Segment Start: Excerpted records

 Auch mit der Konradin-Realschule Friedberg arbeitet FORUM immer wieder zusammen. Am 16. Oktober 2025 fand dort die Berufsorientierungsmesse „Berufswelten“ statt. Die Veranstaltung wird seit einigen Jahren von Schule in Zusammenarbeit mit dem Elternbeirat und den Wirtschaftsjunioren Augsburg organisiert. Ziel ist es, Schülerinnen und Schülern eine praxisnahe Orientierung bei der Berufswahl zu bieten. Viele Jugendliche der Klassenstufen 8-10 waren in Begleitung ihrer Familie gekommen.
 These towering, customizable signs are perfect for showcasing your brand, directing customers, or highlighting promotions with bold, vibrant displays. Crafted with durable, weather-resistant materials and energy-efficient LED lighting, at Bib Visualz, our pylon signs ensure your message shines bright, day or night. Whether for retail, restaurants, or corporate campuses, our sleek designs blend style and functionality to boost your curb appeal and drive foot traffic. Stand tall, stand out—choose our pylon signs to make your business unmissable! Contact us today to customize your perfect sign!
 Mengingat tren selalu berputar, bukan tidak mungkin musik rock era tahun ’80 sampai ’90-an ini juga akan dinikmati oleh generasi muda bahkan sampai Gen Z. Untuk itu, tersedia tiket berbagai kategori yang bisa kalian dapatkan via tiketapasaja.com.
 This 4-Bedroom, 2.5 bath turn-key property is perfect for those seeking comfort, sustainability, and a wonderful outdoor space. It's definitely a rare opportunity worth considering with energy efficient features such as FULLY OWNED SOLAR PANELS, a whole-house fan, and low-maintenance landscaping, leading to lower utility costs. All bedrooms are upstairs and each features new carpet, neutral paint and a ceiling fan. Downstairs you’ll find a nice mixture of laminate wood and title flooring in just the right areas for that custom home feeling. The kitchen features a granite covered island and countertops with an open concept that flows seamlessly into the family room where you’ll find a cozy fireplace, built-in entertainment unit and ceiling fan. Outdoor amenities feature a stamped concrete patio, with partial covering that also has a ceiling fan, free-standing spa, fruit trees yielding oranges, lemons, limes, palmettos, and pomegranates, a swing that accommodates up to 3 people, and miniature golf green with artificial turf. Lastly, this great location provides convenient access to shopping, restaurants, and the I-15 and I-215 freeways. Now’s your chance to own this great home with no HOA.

Segment End: Excerpted records
Segment Start: Excerpted records

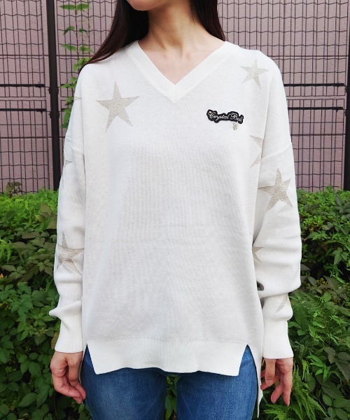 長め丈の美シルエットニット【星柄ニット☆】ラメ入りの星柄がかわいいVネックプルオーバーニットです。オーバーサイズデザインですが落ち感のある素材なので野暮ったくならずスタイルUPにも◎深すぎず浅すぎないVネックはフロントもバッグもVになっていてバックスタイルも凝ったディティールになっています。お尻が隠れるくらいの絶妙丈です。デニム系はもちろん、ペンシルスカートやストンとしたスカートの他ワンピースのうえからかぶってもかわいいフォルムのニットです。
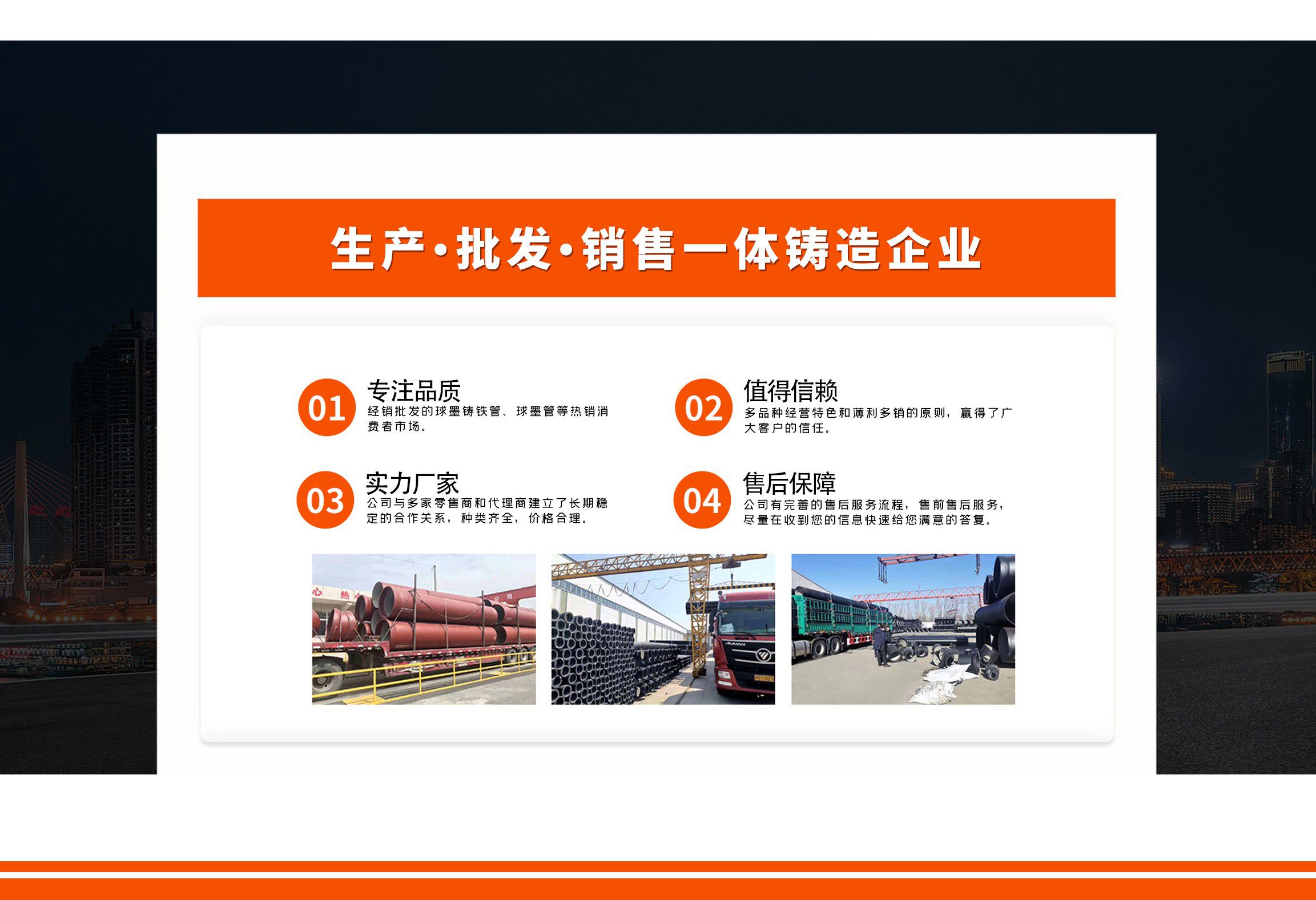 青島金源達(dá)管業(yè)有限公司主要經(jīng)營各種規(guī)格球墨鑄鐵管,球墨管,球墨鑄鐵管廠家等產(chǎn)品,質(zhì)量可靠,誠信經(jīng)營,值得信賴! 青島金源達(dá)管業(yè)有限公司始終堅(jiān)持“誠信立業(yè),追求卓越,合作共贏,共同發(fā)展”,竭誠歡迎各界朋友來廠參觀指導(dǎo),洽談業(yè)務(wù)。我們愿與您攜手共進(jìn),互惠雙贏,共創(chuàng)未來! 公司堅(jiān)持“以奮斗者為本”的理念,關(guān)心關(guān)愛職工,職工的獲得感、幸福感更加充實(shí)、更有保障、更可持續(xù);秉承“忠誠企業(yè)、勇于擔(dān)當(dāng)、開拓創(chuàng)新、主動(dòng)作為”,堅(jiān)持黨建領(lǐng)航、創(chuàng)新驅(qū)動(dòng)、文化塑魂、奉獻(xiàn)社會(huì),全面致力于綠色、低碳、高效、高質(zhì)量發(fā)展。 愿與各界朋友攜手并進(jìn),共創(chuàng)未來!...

Segment End: Excerpted records
Segment Start: Excerpted records

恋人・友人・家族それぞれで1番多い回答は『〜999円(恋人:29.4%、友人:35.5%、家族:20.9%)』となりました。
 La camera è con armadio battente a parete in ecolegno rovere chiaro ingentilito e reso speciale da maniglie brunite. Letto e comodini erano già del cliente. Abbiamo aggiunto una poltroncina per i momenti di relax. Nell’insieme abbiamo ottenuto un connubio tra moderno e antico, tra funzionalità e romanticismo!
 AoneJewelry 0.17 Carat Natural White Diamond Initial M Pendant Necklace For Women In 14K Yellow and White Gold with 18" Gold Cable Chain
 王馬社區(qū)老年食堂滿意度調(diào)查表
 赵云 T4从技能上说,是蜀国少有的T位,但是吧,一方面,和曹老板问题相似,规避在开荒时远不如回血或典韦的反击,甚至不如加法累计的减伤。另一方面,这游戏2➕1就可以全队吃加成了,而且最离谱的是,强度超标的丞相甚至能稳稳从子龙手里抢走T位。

Segment End: Excerpted records

Where a line of the data includes the string "perfect", list that line.

 These towering, customizable signs are perfect for showcasing your brand, directing customers, or highlighting promotions with bold, vibrant displays. Crafted with durable, weather-resistant materials and energy-efficient LED lighting, at Bib Visualz, our pylon signs ensure your message shines bright, day or night. Whether for retail, restaurants, or corporate campuses, our sleek designs blend style and functionality to boost your curb appeal and drive foot traffic. Stand tall, stand out—choose our pylon signs to make your business unmissable! Contact us today to customize your perfect sign!
 This 4-Bedroom, 2.5 bath turn-key property is perfect for those seeking comfort, sustainability, and a wonderful outdoor space. It's definitely a rare opportunity worth considering with energy efficient features such as FULLY OWNED SOLAR PANELS, a whole-house fan, and low-maintenance landscaping, leading to lower utility costs. All bedrooms are upstairs and each features new carpet, neutral paint and a ceiling fan. Downstairs you’ll find a nice mixture of laminate wood and title flooring in just the right areas for that custom home feeling. The kitchen features a granite covered island and countertops with an open concept that flows seamlessly into the family room where you’ll find a cozy fireplace, built-in entertainment unit and ceiling fan. Outdoor amenities feature a stamped concrete patio, with partial covering that also has a ceiling fan, free-standing spa, fruit trees yielding oranges, lemons, limes, palmettos, and pomegranates, a swing that accommodates up to 3 people, and miniature golf green with artificial turf. Lastly, this great location provides convenient access to shopping, restaurants, and the I-15 and I-215 freeways. Now’s your chance to own this great home with no HOA.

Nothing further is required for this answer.